Unless you’ve been living under a rock, you’ve probably run across the Vocabulary.com audio clip that kicked off a social media “Laurel” or “Yanny” firestorm this week. Perhaps you even weighed in, offering your two cents on the elocution of the opera singer (a member of the original Broadway cast of Cats, as it turns out) in the recording. But you probably didn’t consult artificial intelligence for a second opinion. Well, not to worry: Nuance and Voxbone have saved you the trouble.
Nuance Communications, a company that specializes in natural language processing, fed its Dragon speech platform the “Laurel” or “Yanny” audio clip to put an end to the debate once and for all. According to Nils Lenke, senior director of research at Nuance, it heard “Laurel.”

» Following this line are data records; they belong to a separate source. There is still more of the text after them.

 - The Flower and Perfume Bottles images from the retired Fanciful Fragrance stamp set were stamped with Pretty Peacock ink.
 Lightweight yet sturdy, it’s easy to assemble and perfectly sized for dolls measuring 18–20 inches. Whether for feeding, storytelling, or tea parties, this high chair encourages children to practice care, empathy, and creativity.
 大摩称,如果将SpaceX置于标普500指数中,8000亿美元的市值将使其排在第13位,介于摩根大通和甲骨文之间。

The software that Voxbone tested, which included speech recognition engines from VoiceBase, CallMiner, and Gridspace, didn’t recognize “Laurel” or “Yanny” — even after three tests in a row. The first time around, they transcribed the audio as “well, well, well” or “yeah, yeah, yeah.” Engineers tried changing the dialog setting from English to Irish, Spanish, and other languages, but to no avail — they heard the clip as “well, well, well.” (Eventually, the team got the algorithms to recognize “Laurel”.)
What do you hear?! Yanny or Laurel pic.twitter.com/jvHhCbMc8I
— Cloe Feldman (@CloeCouture) May 15, 2018
In my testing, some voice assistants fared better than others. The Google Assistant (running on a Motorola Moto G5 Plus) interpreted the word as “Mary, Mary” and “yeah, yeah,” while Microsoft’s Cortana (on my PC) recognized “Laurel” immediately. (I didn’t have an iPhone handy, so the jury is out on Siri.)

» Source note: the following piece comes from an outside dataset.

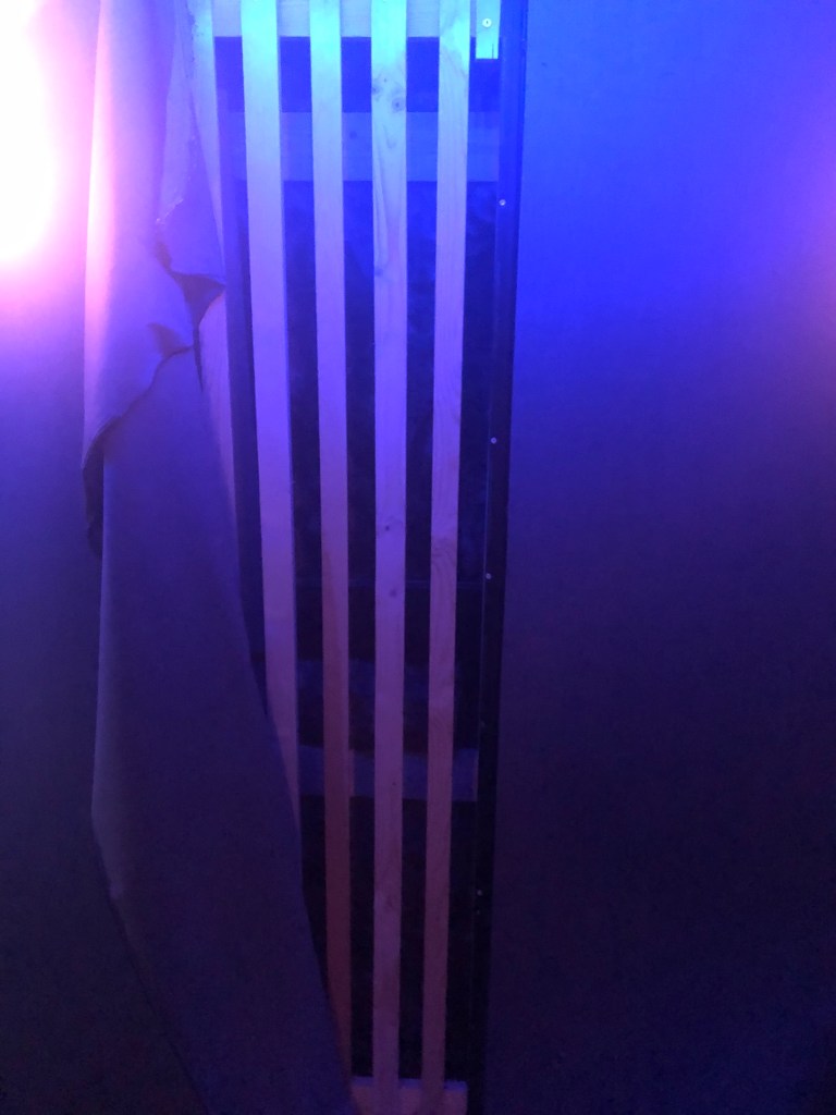 Kankaiden takana diffuussoreina toimivia listojaListat pois ja tilalle hieman tiivistä villaa.

Others had better luck. Joe Murphy, CEO and founder of virtual assistant analytics startup vocalize.ai, got the Google Assistant (on a Google Home speaker) and Amazon Alexa (on an Echo speaker) to detect “Laurel.”
“In the lab, we had to setup the direction of sound and timing of utterance just right, but when we got it both Alexa and Google detected Laurel,” Murphy wrote in an email.
Why the disparity between the platforms? Assuming all else to be equal, it has to do with the way voice recognition algorithms work. Transcription apps from Nuance and Voxbone, not to mention voice assistants like Apple’s Siri, Google Assistant, and Microsoft’s Cortana, break human speech down into tiny, bite-sized parts called phonemes. Algorithms analyze the order of these phonemes to pair spoken words with text, taking into account the syntax and context of those words in ambiguous cases.
Simple enough, right? Not so fast. In some voice recognition setups, programmers have to manually connect the speech patterns of words with text. The algorithms, then, are only as good as their word bank: If a word or word association isn’t in the database, it won’t be transcribed properly. (Such was likely the case with Voxbone’s system.)
It just goes to show that algorithms, like humans, bring their own biases to the table.